Martin wants a big chunk of government power - from the opposition comfort zone
Published 08/04/2016 | 02:30
Against all odds, approaching his 56th birthday, Micheal Martin had a real chance to become Taoiseach for a spell.
The only real impediment appeared to be the large number of his troops who had painted themselves too deeply into the "no-truck-with-Fine Gael" corner.
All of that was early yesterday. By today the Fianna Fáil leader and his party look set on becoming the first politicial party in Ireland's history hell bent on turning down power.
Well, Mr Martin, and his eloquent lieutenants, like Billy Kelleher and Willie O'Dea, insist they are just keeping faith with their promises to voters.
They had insisted front, back and sideways, all through the election campaign that they would not coalesce with Fine Gael. Are they to be blamed for keeping election promises?
So, it's all hail Micheál Martin and newly-shriven Fianna Fáil, now hell bent on sticking to the political straight and narrow? This is their contribution to the new politics. They do not want a government with a bloated majority - they want a minority government with a caring-sharing Dáil offering case-by-case comfort and support.

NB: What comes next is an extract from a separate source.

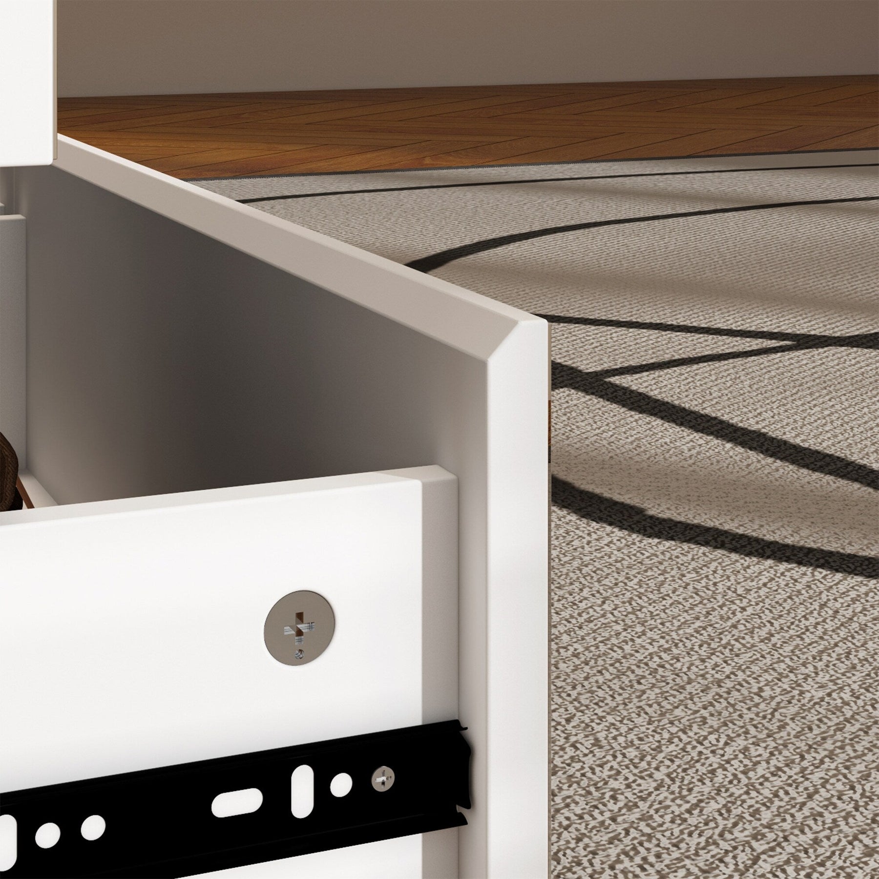 - Drawers retract smoothly on metal glides with built-in safety stops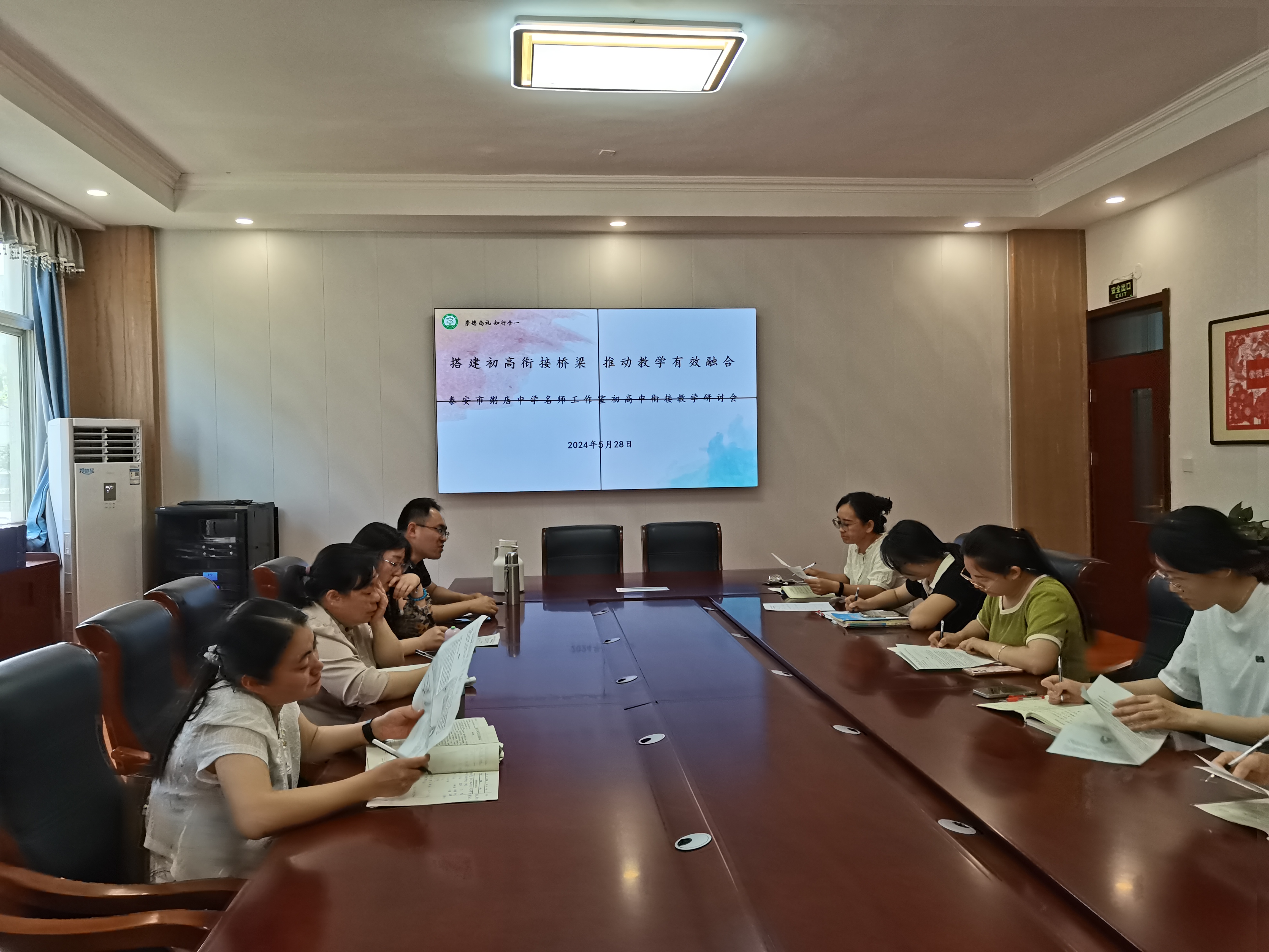 为进一步加强初高中校际间的交流与合作,持续打造衔接课程,5月28日,德赢天下_www.vwin01.com语文教研组张华、高飞、申燕、赵昌龙等4位教师再次前往粥店中学开展初高中衔接语文学科研讨活动,粥店中学六七八年级语文骨干教师参会。

Listening to their protestations yesterday, Fianna Fáil are publicly clinging to the mantra that they can still lead such a minority government. But in walking away from the idea of "Partnership Government" with Fine Gael and some Independents, as offered by Enda Kenny, they also say they are now open to the idea of facilitating a Fine Gael-led minority government.
What really jumped out of Mr Martin's comments yesterday evening, as he put the kibosh on the idea of "Partnership Government," was the lack of any meaningful dialogue in the two meeting between himself and Enda Kenny. Martin spoke of "choreography", contrasted comments made by the acting Taoiseach to him on Wednesday night, with cautious remarks by Agriculture Minister Simon Coveney on radio yesterday morning.
In practice the Fianna Fáil leader was accusing Mr Kenny of bad faith. But he stressed that this was not the real reason for saying "No". That reason was, is, and would remain, the need to keep faith with election promises.
There is little point in us getting involved in time-wasting "he-said and I-said" stuff. We need a government sooner rather than later.
On that basis it is more important to note the peremptory refusal by Mr Martin and the bulk of his parliamentary party to even enter into exploratory talks with Mr Kenny and Fine Gael. In briefings to journalists in the past 36 hours, Fine Gael made it clear that nothing was ruled out - including an equal sharing of government posts, indeed the idea of rotating the office of Taoiseach.
Mr Martin continues to reject arguments that he is putting party before country. But his argument is more than a little strained. This is mainly about Fianna Fáil's future - not about the country.
The reality is that the Dáil numbers, as they currently do not stack up, still require some kind of arrangement between the two big parties. Fianna Fáil clearly could not face the prospect of being inside an arrangement with Fine Gael which left Sinn Féin, and some leftist groups, outside and free to snipe at both with the same shot.
The speed and vehemence of the Martin response clearly showed that party welfare was paramount. In extremis, Mr Martin wants a chunk of government power - but from the comfort zone of the opposition benches.
But yesterday's decision does not really solve his and Fianna Fáil's dilemma. Politics is rarely a cake-and-eat-it world. French small farmers put it better in their old saying: "You must choose between the goat and the cabbage. You cannot have both." In sum, you get nothing for nothing in politics.
Unless, Martin and Fianna Fáil want another election next month. They are going to have to come to some reasonable arrangement with Fine Gael and willing Independents about supporting a minority government. That involves being saddled with some responsibility which would allow Sinn Féin and the others proceed as planned with their two-for-the-price-of-one attack strategy.
You might assume from all of the above that I believe Fine Gael is blameless in all of this. I do no such thing. Back over 42 days, Fine Gael has also been busy taking out fire insurance and trying to have a shilling each way when they can. Mr Kenny's early post-election appeal to all parties and groups to cooperate in the quest for government is still being touted as an alibi for their good faith.
Against that, Mr Kenny has always asserted that because he has seven TDs more than Fianna Fáil, and because he is caretaker Taoiseach, he must seek to form a minority government. That is also why he justifies not for a moment considering the prospect of a minority-government led by Fianna Fáil.
There is also the huge delay in the Taoiseach's first moves to contact Fianna Fáil last week, in contacts which of themselves were not especially edifying. And, finally, there is the continued stubborn presence of Mr Kenny in office with an increasingly questionable mandate.
That said, and in all the circumstances of the past 48 hours' happenings, Enda Kenny emerges with the greater credit. Fianna Fáil can ascribe all the questionable motives they like to the acting Taoiseach's overtures about "Partnership Government." Reality is that such Fianna Fáil inferences and innuendos do not stand up well since they never stuck around long enough to see one way or the other.
For the rest, we are moving a little further downwards on the slippery slope towards an election.